Kevin Wolf [Wed, 26 Mar 2014 12:06:09 +0000 (13:06 +0100)]
parallels: Sanity check for s->tracks (CVE-2014-0142)
This avoids a possible division by zero.
Convert s->tracks to unsigned as well because it feels better than
surviving just because the results of calculations with s->tracks are
converted to unsigned anyway.
The first test case would cause a huge memory allocation, leading to a
qemu abort; the second one to a too small malloc() for the catalog
(smaller than s->catalog_size), which causes a read-only out-of-bounds
array access and on big endian hosts an endianess conversion for an
undefined memory area.
The sample image used here is not an original Parallels image. It was
created using an hexeditor on the basis of the struct that qemu uses.
Good enough for trying to crash the driver, but not for ensuring
compatibility.
Kevin Wolf [Wed, 26 Mar 2014 12:06:07 +0000 (13:06 +0100)]
qcow2: Limit snapshot table size
Even with a limit of 64k snapshots, each snapshot could have a filename
and an ID with up to 64k, which would still lead to pretty large
allocations, which could potentially lead to qemu aborting. Limit the
total size of the snapshot table to an average of 1k per entry when
the limit of 64k snapshots is fully used. This should be plenty for any
reasonable user.
This also fixes potential integer overflows of s->snapshot_size.
Kevin Wolf [Wed, 26 Mar 2014 12:06:05 +0000 (13:06 +0100)]
qcow2: Fix L1 allocation size in qcow2_snapshot_load_tmp() (CVE-2014-0145)
For the L1 table to loaded for an internal snapshot, the code allocated
only enough memory to hold the currently active L1 table. If the
snapshot's L1 table is actually larger than the current one, this leads
to a buffer overflow.
Kevin Wolf [Wed, 26 Mar 2014 12:06:04 +0000 (13:06 +0100)]
qcow2: Fix NULL dereference in qcow2_open() error path (CVE-2014-0146)
The qcow2 code assumes that s->snapshots is non-NULL if s->nb_snapshots
!= 0. By having the initialisation of both fields separated in
qcow2_open(), any error occuring in between would cause the error path
to dereference NULL in qcow2_free_snapshots() if the image had any
snapshots.
Kevin Wolf [Wed, 26 Mar 2014 12:06:03 +0000 (13:06 +0100)]
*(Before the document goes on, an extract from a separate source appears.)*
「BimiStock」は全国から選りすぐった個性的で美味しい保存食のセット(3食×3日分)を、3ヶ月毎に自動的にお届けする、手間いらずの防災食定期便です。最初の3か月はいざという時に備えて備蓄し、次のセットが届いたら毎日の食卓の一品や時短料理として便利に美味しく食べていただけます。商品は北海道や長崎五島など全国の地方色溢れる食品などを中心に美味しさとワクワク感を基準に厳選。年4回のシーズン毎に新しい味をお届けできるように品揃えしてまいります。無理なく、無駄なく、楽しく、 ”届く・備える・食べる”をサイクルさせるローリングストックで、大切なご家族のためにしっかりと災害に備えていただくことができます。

qcow2: Fix copy_sectors() with VM state
bs->total_sectors is not the highest possible sector number that could
be involved in a copy on write operation: VM state is after the end of
the virtual disk. This resulted in wrong values for the number of
sectors to be copied (n).
The code that checks for the end of the image isn't required any more
because the code hasn't been calling the block layer's bdrv_read() for a
long time; instead, it directly calls qcow2_readv(), which doesn't error
out on VM state sector numbers.
Kevin Wolf [Wed, 26 Mar 2014 12:06:02 +0000 (13:06 +0100)]
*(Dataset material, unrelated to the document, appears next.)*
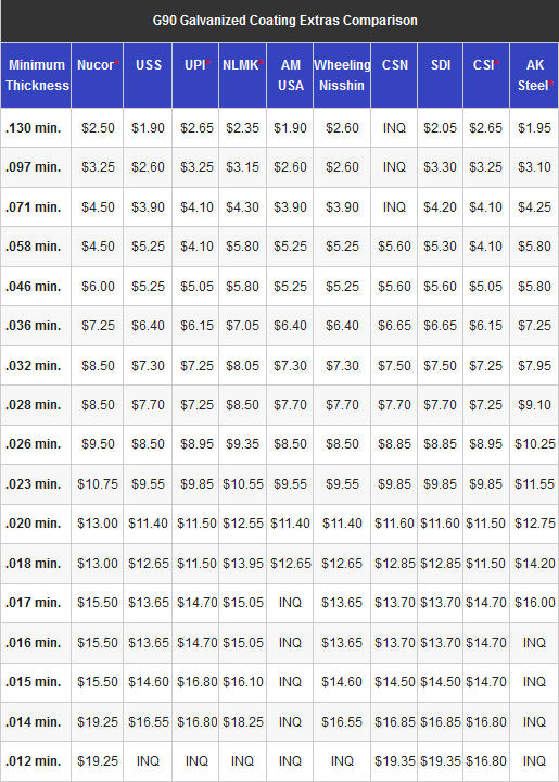 Updated Galvanized G90 Mill Coating Extras Comparison

block: Limit request size (CVE-2014-0143)
Limiting the size of a single request to INT_MAX not only fixes a
direct integer overflow in bdrv_check_request() (which would only
trigger bad behaviour with ridiculously huge images, as in close to
2^64 bytes), but can also prevent overflows in all block drivers.
Both compressed and uncompressed I/O is buffered. dmg_open() calculates
the maximum buffer size needed from the metadata in the image file.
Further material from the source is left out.